• Supplied material
»»
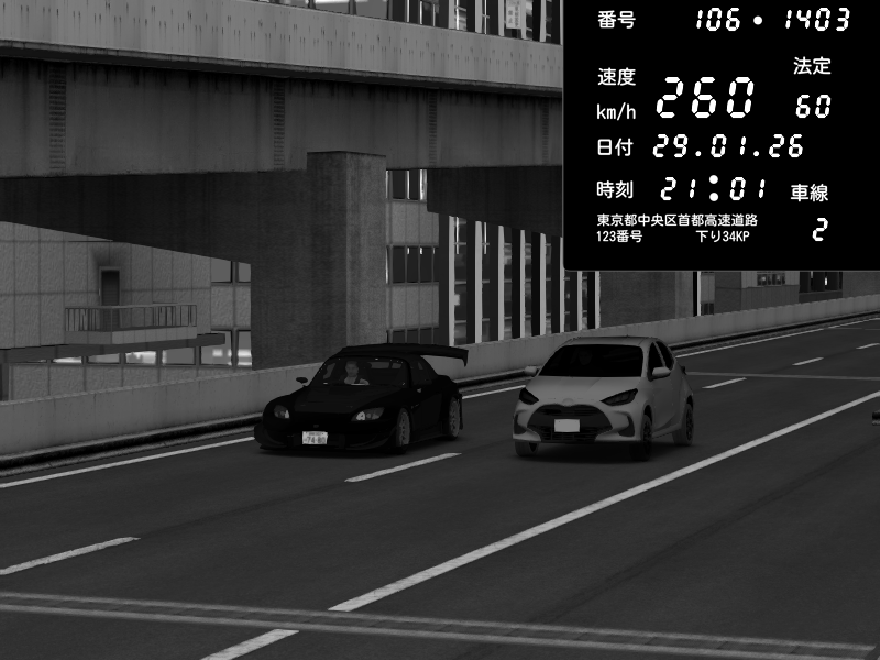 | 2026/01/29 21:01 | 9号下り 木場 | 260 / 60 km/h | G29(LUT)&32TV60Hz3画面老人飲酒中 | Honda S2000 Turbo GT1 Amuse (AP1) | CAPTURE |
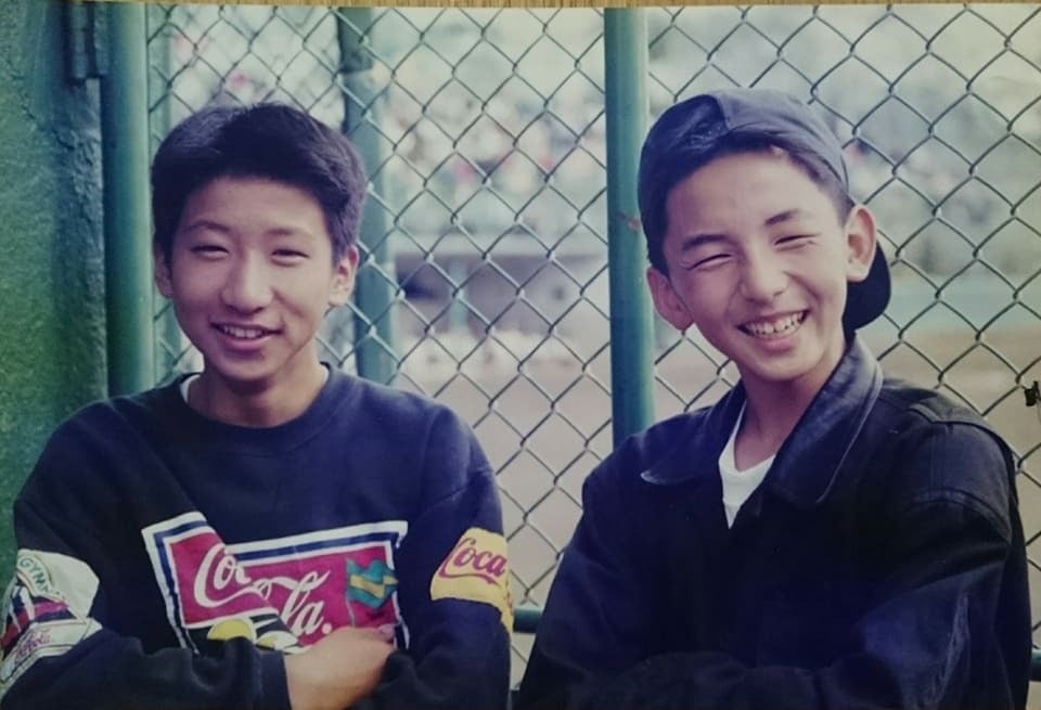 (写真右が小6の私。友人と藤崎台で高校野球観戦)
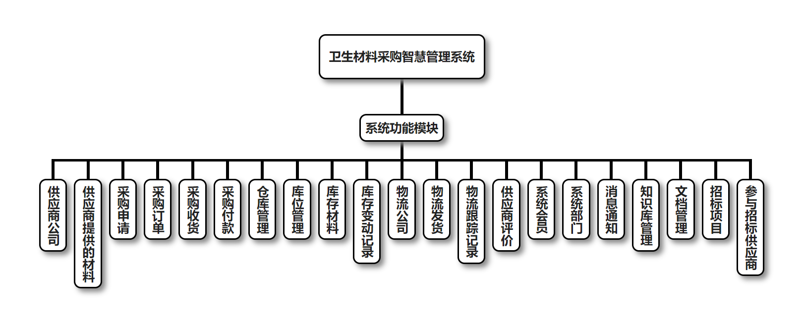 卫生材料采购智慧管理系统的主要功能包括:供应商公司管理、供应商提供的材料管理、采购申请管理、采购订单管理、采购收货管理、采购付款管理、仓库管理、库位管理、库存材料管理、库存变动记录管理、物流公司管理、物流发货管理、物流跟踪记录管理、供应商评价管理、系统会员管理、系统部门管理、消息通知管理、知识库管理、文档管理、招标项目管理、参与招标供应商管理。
««
• Directions
When a line carries an image, skip the image and repeat everything else above exactly as written.

• Answer for this exercise
 | 2026/01/29 21:01 | 9号下り 木場 | 260 / 60 km/h | G29(LUT)&32TV60Hz3画面老人飲酒中 | Honda S2000 Turbo GT1 Amuse (AP1) | CAPTURE |
 (写真右が小6の私。友人と藤崎台で高校野球観戦)
 卫生材料采购智慧管理系统的主要功能包括:供应商公司管理、供应商提供的材料管理、采购申请管理、采购订单管理、采购收货管理、采购付款管理、仓库管理、库位管理、库存材料管理、库存变动记录管理、物流公司管理、物流发货管理、物流跟踪记录管理、供应商评价管理、系统会员管理、系统部门管理、消息通知管理、知识库管理、文档管理、招标项目管理、参与招标供应商管理。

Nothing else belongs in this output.